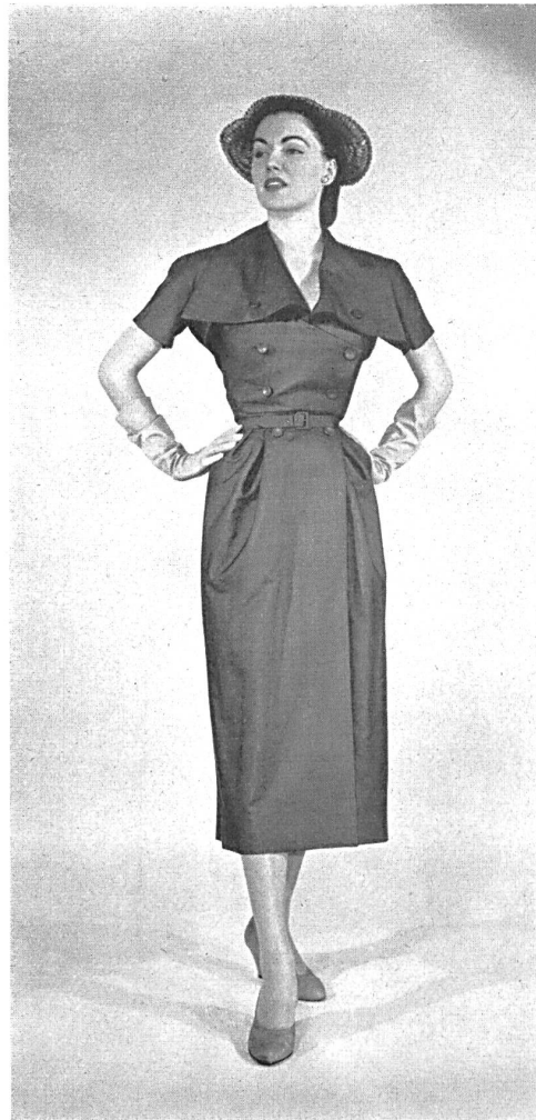
CHRISTIAN DIOR, NEW YORK Plain Amadis.
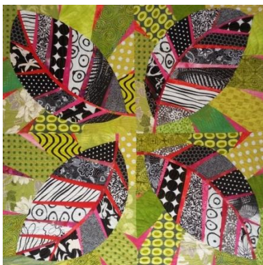
The Big Leaf on Saturday, April 29 th
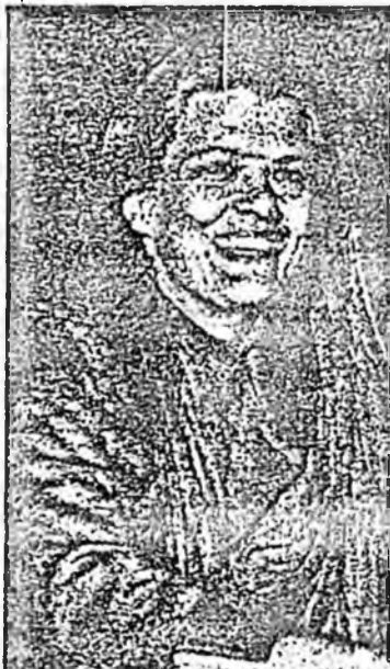
Laura X: "No state or national agency is documenting these cases."
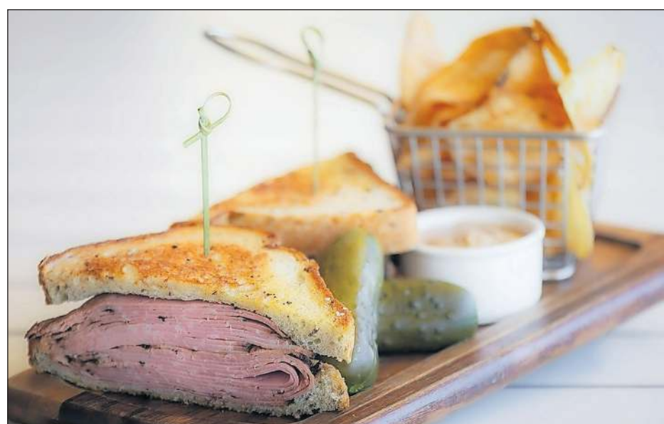
Honda Classic eats: pastrami on rye at the PGA Resort's Bar 91.

poolside favorites, from grilled chicken sandwiches to burgers to wings. (Prices range from $12 to $15.)
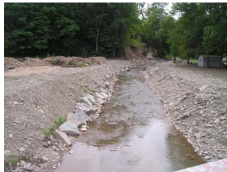
Cadosia Creek, showing the affects of a "debris removal" project.

Keep tuned to our website for actions you will be able to take to help stop these damaging and counterproductive practices.
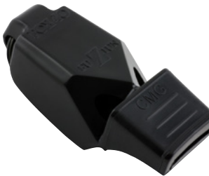
Fox 40 Fuziun CMG
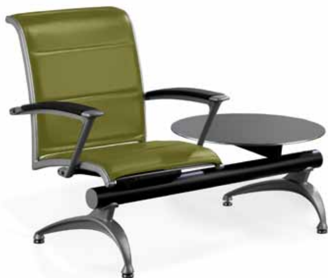
CX5U2B CX Modular Two Position Upholstered Seating with Fixed Arms and Table
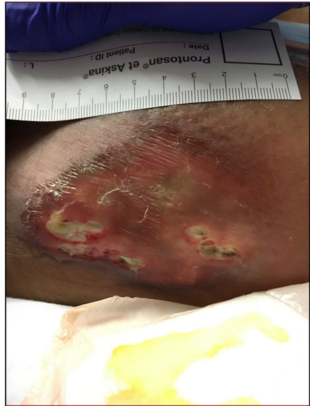
Figure 2 Cutaneous cryptococcosis with ulcerated pustular lesions.
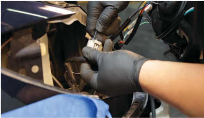
13) Reconnect the turn signal harness.
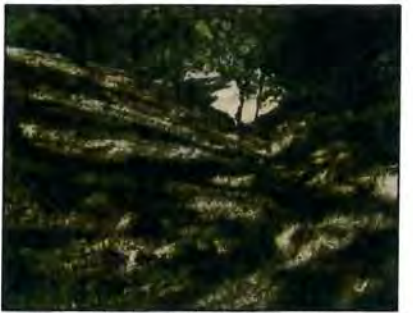
Figure 5: Defined channel as seen looking west downstream of Figure 4.
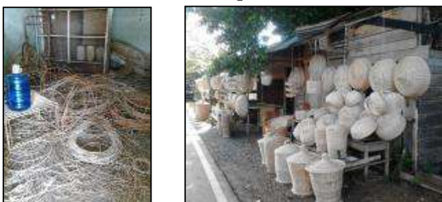
Figure 3. Raw Materials Room and Showroom

Storage place in the form of raw materials is done in place of production while finished goods are placed in the showroom area and the spaces around the place of production. It causes unkempt and uncomfortable. Based on the survey, the condition of the storage area, whether the raw materials or finished goods has not been arranged and still needs to be increased capacity and quality of equipment. The storage of finished products is still mixed with the office and the storage of raw materials is still found mixed with the production activities.
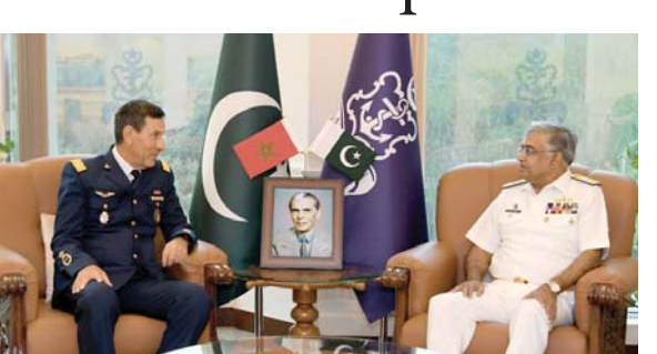
跨 City Desk
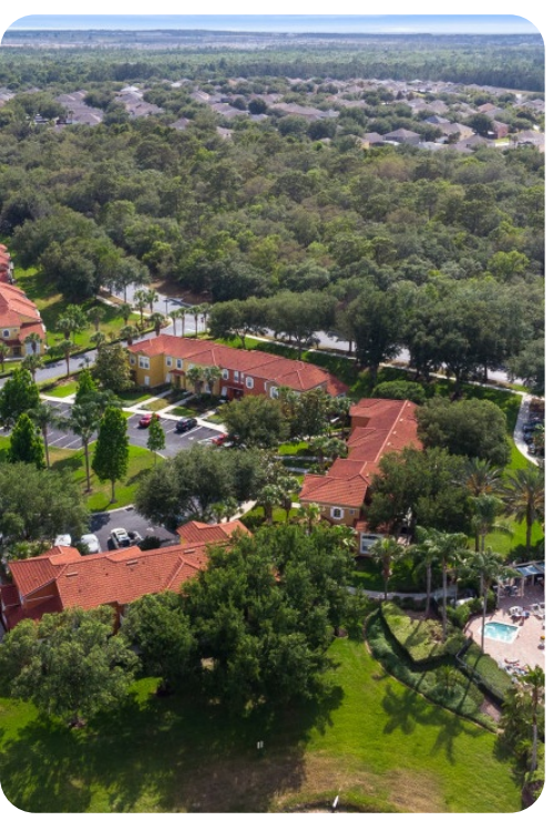
Emerald Island Resort 46 | Page 7 of 8
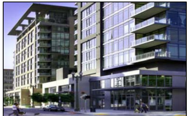
Example: Mixed Use Rental
····················
What is required :: Although the records include pictures, the copy should reproduce every line exactly and none of the pictures.

Result for this exercise ::
CHRISTIAN DIOR, NEW YORK Plain Amadis.
The Big Leaf on Saturday, April 29 th
Laura X: "No state or national agency is documenting these cases."
Honda Classic eats: pastrami on rye at the PGA Resort's Bar 91.

poolside favorites, from grilled chicken sandwiches to burgers to wings. (Prices range from $12 to $15.)
Cadosia Creek, showing the affects of a "debris removal" project.

Keep tuned to our website for actions you will be able to take to help stop these damaging and counterproductive practices.
Fox 40 Fuziun CMG
CX5U2B CX Modular Two Position Upholstered Seating with Fixed Arms and Table
Figure 2 Cutaneous cryptococcosis with ulcerated pustular lesions.
13) Reconnect the turn signal harness.
Figure 5: Defined channel as seen looking west downstream of Figure 4.
Figure 3. Raw Materials Room and Showroom

Storage place in the form of raw materials is done in place of production while finished goods are placed in the showroom area and the spaces around the place of production. It causes unkempt and uncomfortable. Based on the survey, the condition of the storage area, whether the raw materials or finished goods has not been arranged and still needs to be increased capacity and quality of equipment. The storage of finished products is still mixed with the office and the storage of raw materials is still found mixed with the production activities.
跨 City Desk
Emerald Island Resort 46 | Page 7 of 8
Example: Mixed Use Rental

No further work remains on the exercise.